Thanks for the replies.

I'm not entirely sure what 2playgames is suggesting.  Will that let me achieve a blurred arbitrary shape?

I looked at JPhotoBrush: I think this performs a much smaller blur than what we perform.  We let our kernel size range from 0 (so it's an unblurred silhouette) to about 30 pixels (to give a decent blur).

keldon85 was right: there was a significant memory leak in our existing model.  We were using Vincent Hardy's CompositeOp to run 2 filters consecutively.  It turns out the first filter was always passing "null" as its destination image, so we were making a new image.  So I cleaned that up.

Also I wrote my own ConvolveOp that skipped continuous blocks of the same color.  So for large continuous shapes, our shadows now render in about half the time they used to.  For discontinuous shapes (like text) rendering time is about the same.

So rendering a shadow with a kernel size of 25 on a 400x400 square now takes about 131 ms on my iMac.  (It used to take 282 ms.)

We'd still be very interested in other approaches to shadows, but at least we can report back that we made some progress.  Smiley
Offline keldon85

Senior Member


Medals: 1



« Reply #4 - Posted 2007-07-31 20:55:02 »

Maybe try not calculating pixels you will not be able to see, which will only make gains as more pixels are obscured. There are a few things you can do when creating large blurs (like 30 pixels), and that is to borrow from mip mapping. You first compute low resolution versions of the image depending on the accuracy you want, for example you might store image/1, image/2, image/4 and so on, or just image/1, image/4, image/16. Then rather than doing a 61x61 convolution you end up doing much less calculations by using the lower resolution version of the image as it is further away.

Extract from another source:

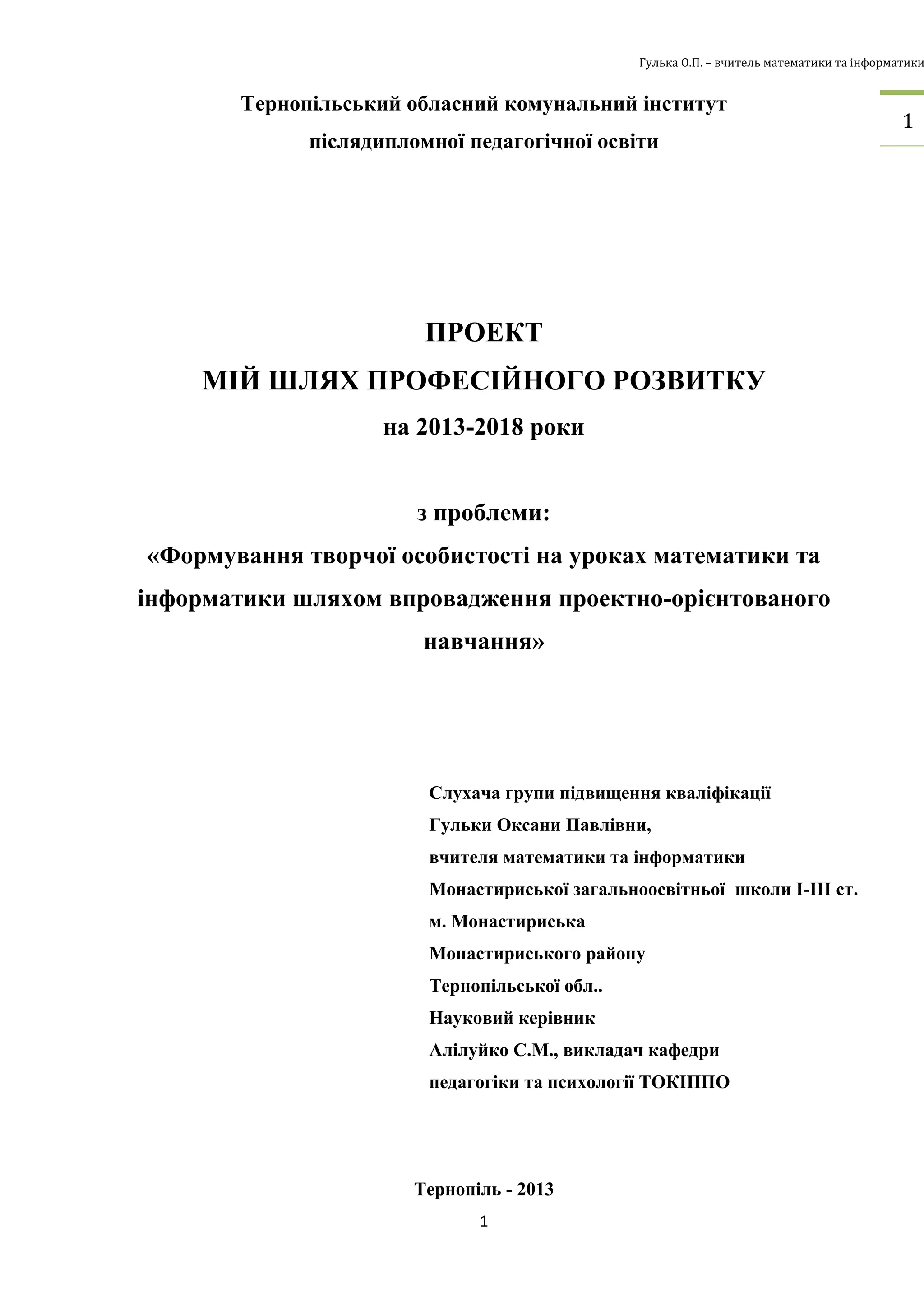 1. Назва проекту. Мій шлях професійного розвитку з проблеми «Формування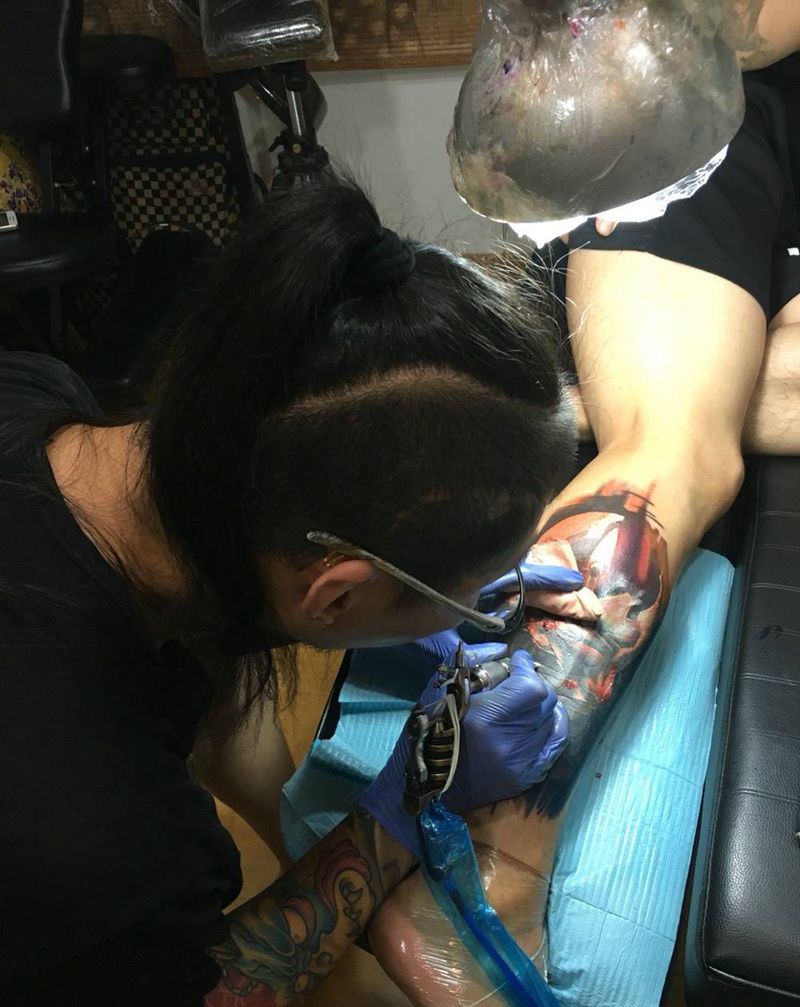 当前位置: 首页 >山东省威海市纹身店-谛听刺青纹身图案>既然要展现自己的美好何不用纹身纹身图片_成品腿部欧美写实人物泼墨纹身图案

For example call the centre pixel when applying the convolution (0,0), rather than computing for all (i,j) where -31<i<31 and -31<j<31, you use lower the lower resolutions to calculate further pixels since they make less of a difference anyway. Right now the complexity is O(n^2) per pixel where the blur size is n/2, you should be able to use this technique to get it to O(n log n).